Dayi County (大邑县 (Dàyì Xiàn)) is a county of the City of Chengdu, capital city of Sichuan, China. It is Chengdu City's westernmost division, bordering the prefecture-level divisions of Ya'an to the south and the Ngawa Tibetan and Qiang Autonomous Prefecture to the north.

The Jianchuan Museum Cluster is located in the town of Anren, Dayi County, about one hour's drive from the provincial capital Chengdu. It consists of 15 museums which showcase China's largest private collection of artifacts amassed during the last 60–70 years.

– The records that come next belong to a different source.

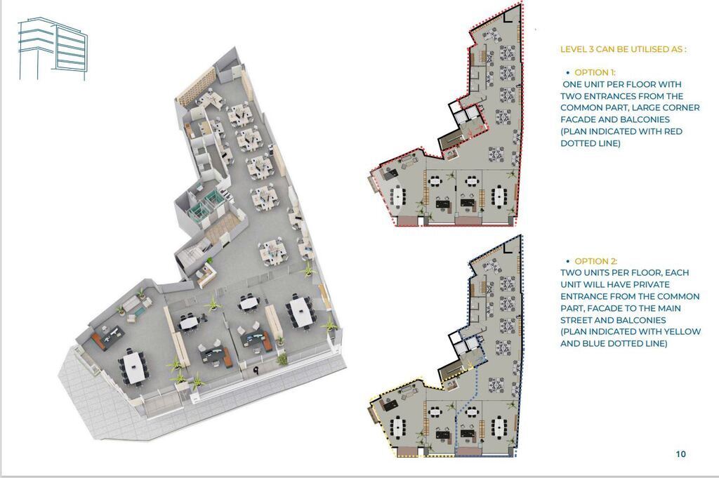 An 8 floor landmark development perfectly positioned between Valletta and Sliema offering breathtaking views overs Marsamxett Harbour and Manoel Island. Office space on level 3 measuring 266sqm. Designed with sustainability, this project offers a variety of open-plan spaces ideal for offices, clinics, studios, restaurants and more. Modern lobby with concierge desk and reception area. Basement parking for staff and visitors. On-site maintenance and cleaning services. Completion Q1 2026.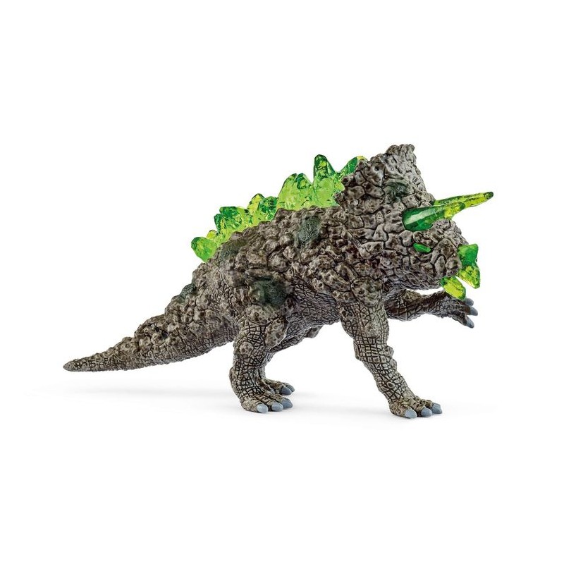 Les yeux verts du Tricératops de Pierre scintillent d’un air menaçant dans l’obscurité de la grotte. Voilà un prédateur qui fait froid dans le dos ! Il pousse un grondement de colère. C’est étroit ici et son crâne imposant l’empêche de se déplacer facilement. Il ne lui reste plus qu’à fuir droit devant ! Il baisse sa grosse tête pour attaquer et prend son élan. Il faut vite partir avant qu’il ne frappe avec les trois cornes en cristal acérées sur sa tête. Sauve qui peut !|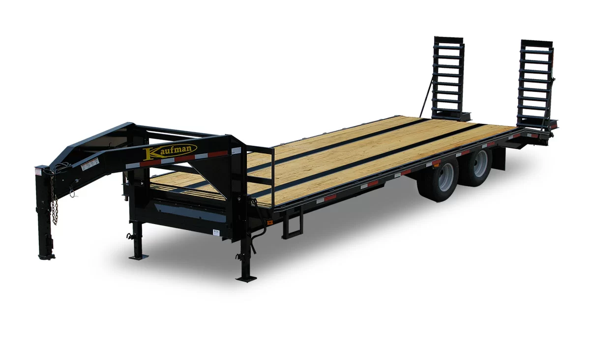 A gooseneck flatbed trailer features a raised neck that attaches to a hitch in the truck bed, providing greater stability and weight capacity. It’s ideal for hauling heavy or oversized loads safely and efficiently.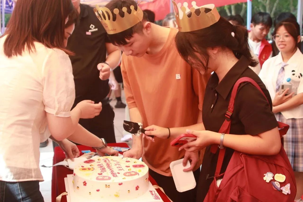 学院辅导员为报到当天生日的两名同学准备了生日蛋糕,在场师生和志愿者们共同为新生唱生日祝福歌,让新加入到文传这个大家庭的学生感受到家的温暖,使同学们迅速破冰,更好融入到大学生活中来。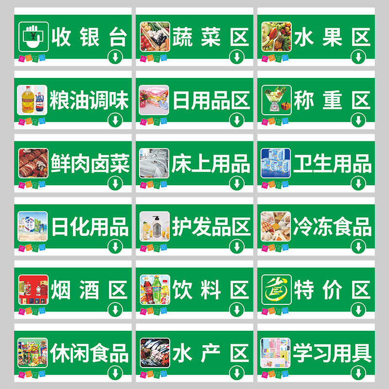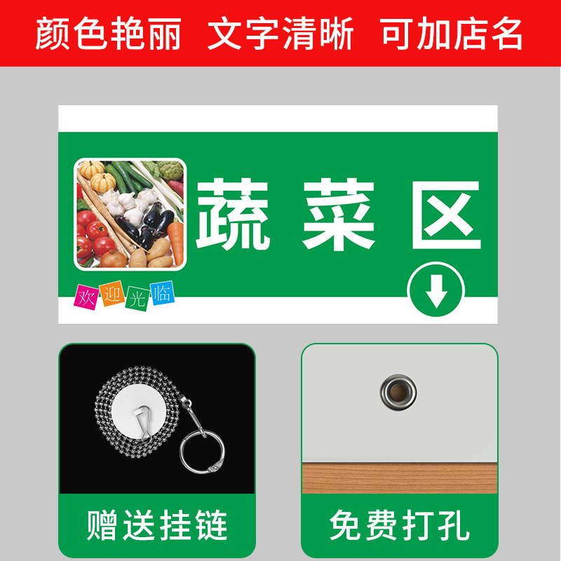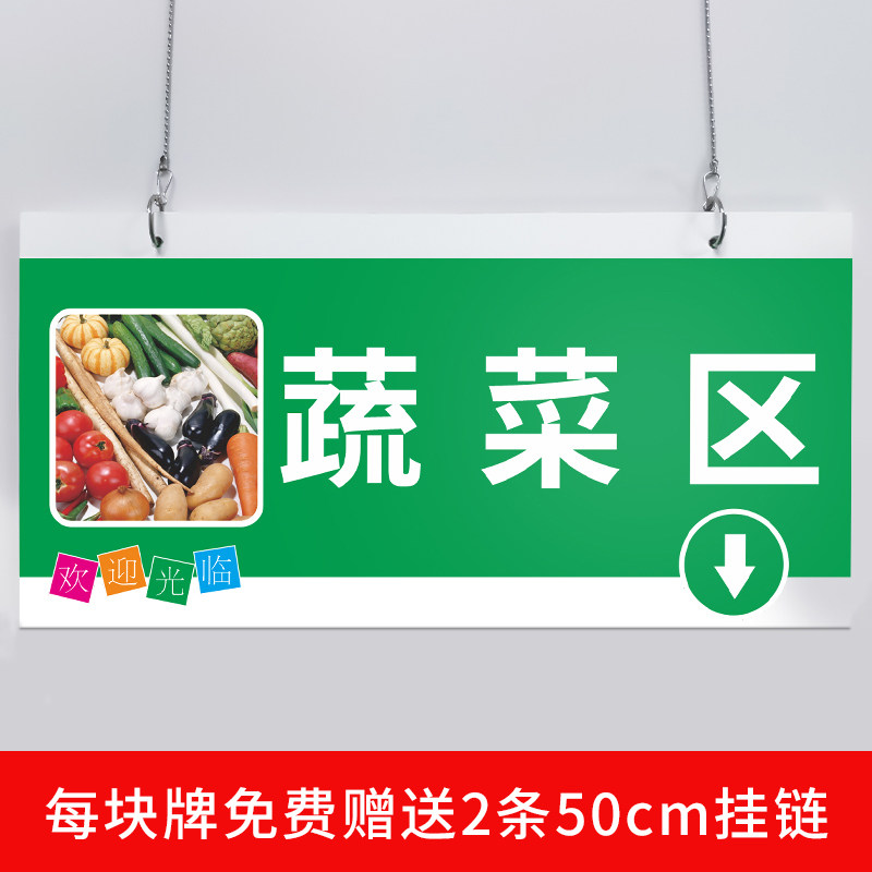 超市分区吊牌双面挂牌商场卖场便利店区域分类指示牌蔬菜水果区粮油调料日用品区收银台称重区标识牌定制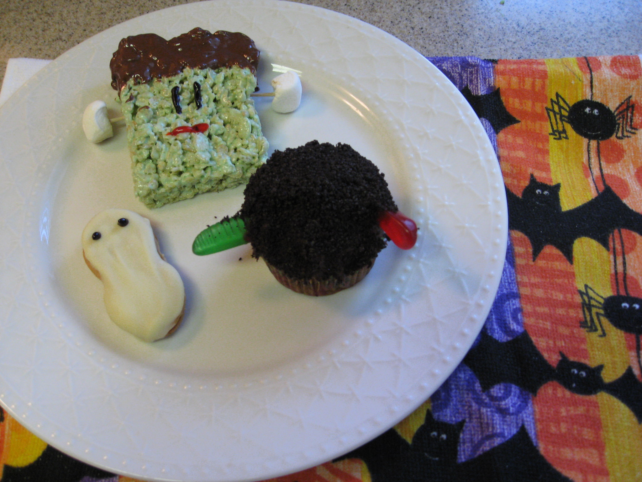 I knew I wanted to make some Halloween treats for my coworkers.  It was so hard to decide which festive treats to make but I ended up making Rice Krispy Frankensteins, Ghost Nutter Butters and Worm and Dirt Cupcakes. IMG_1730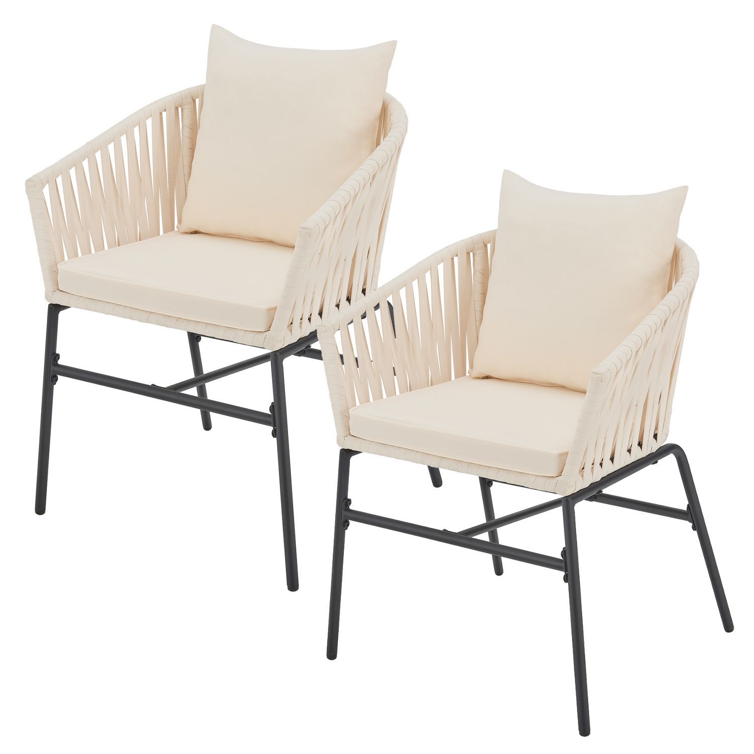 Stylové a elegantní, zvýrazníte svou terasu nebo balkon se 2 lanovými křesly. Lanová síť a hrubé čalounění zajišťují speciální komfort sezení. Konstrukce je mimořádně robustní a díky práškovému lakování je odolná vůči korozi a poškrábání. Elastická lanková síť spolu s hrubými sedacími a opěradlovými polštáři zajišťují, že balkonová křesla jsou obzvláště pohodlná. Zahradní nábytek vyrobený z oceli s práškovým nástřikem je odolný vůči korozi, povětrnostním vlivům a je ideální pro venkovní použití. Snadno udržovatelný materiál s odnímatelným čalouněním. Vysoká nosnost 160 kg na křeslo.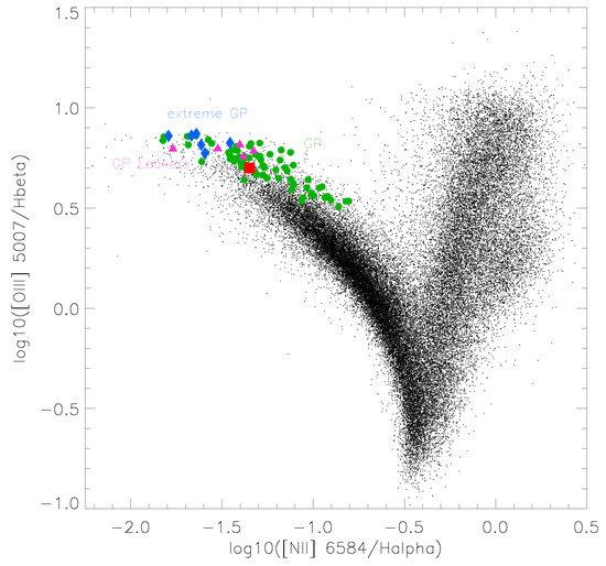 BPT diagram illustrating the similarity in integrated strengths between the Tarantula Nebula (red square), Green Pea (green circles), extreme Green Peas (blue diamonds), Lyman-continuum leaking Green Peak (pink triangles), updated from [108], plus SDSS star-forming galaxies.
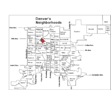 The LoDo neighborhood, near Denver's Union Station,[4] highlighted on this map of Denver neighborhoods.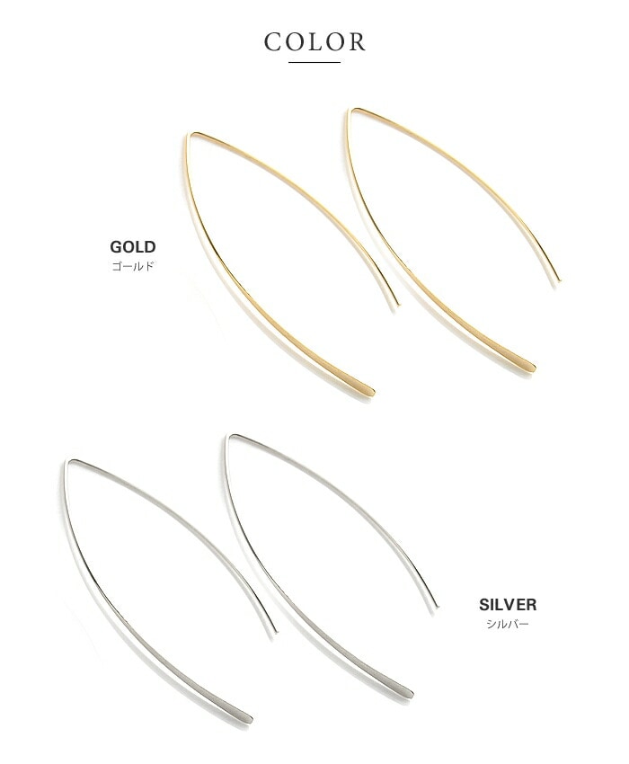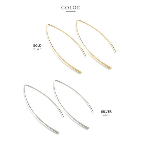 ピアス 金属アレルギー ニッケルフリー レディース フック 大ぶり バーフック ワイヤー カーブ アーモンドライン cream dot ゆうパケット [シルバー_ピアス]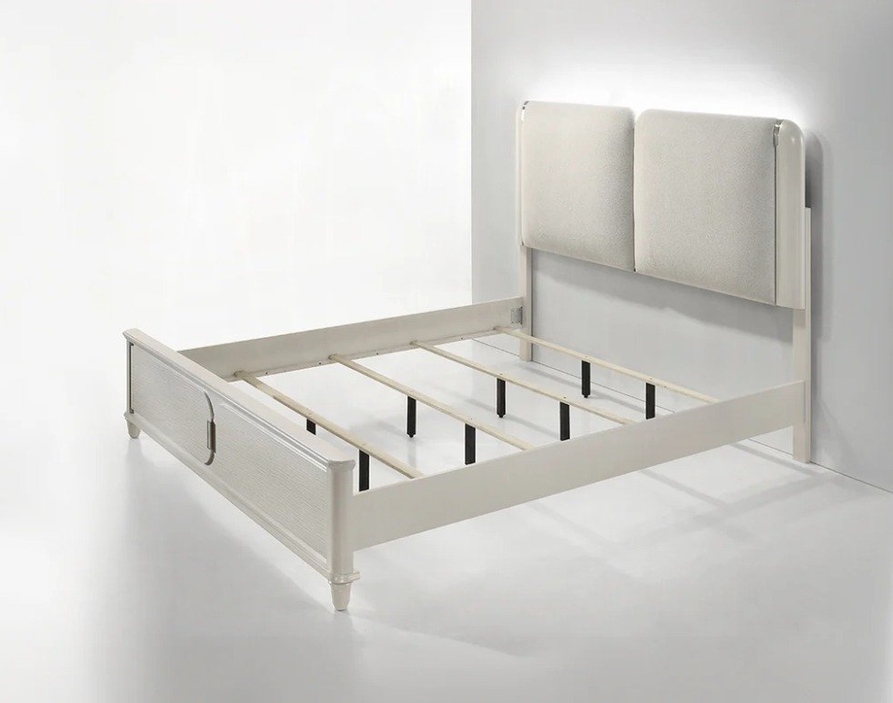 Step into a realm of elegance with the Laveda bedroom set, where light gray boucle meets a pearl white finish for an exquisite blend of sophistication and serenity. The clean lines and contemporary design create a harmonious balance, perfect for modern interiors. Laveda's luxurious textures and refined aesthetics transform any bedroom into a tranquil sanctuary, offering both comfort and style in every detail.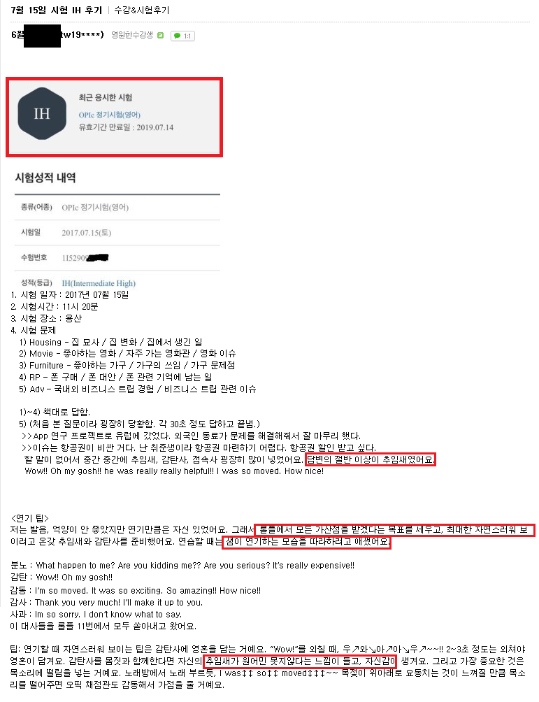 오픽 | (대구오픽 IH후기) 오픽 IH~! 고득점 방법 >_< 페이지 정보 작성자 MELPARK 작성일17-08-09 19:36 조회3,636회 댓글0건 이전글 다음글 목록 본문 (클릭 하시면 크게 보실 수 있습니다.) 수강생 후기 입니다.더 많은 후기는 우측 카페 링크 가입 후 보실 수 있습니다. 이전글 다음글 목록

Also in Anren but outside the museum cluster is the Liu Family Estate Museum, formerly the Dayi Landlord Manor Exhibition Hall. It opened in 1959 and developed a nationwide significance in 1965 after installing the life-size clay sculpture series Rent Collection Courtyard. In its first decades, the museum emphasized the history of China's class struggle and had tens of millions of visitors. As the Liu Family Estate Museum, it places greater emphasis on aspects of heritage tourism and the aesthetic qualities of Rent Collection Courtyard.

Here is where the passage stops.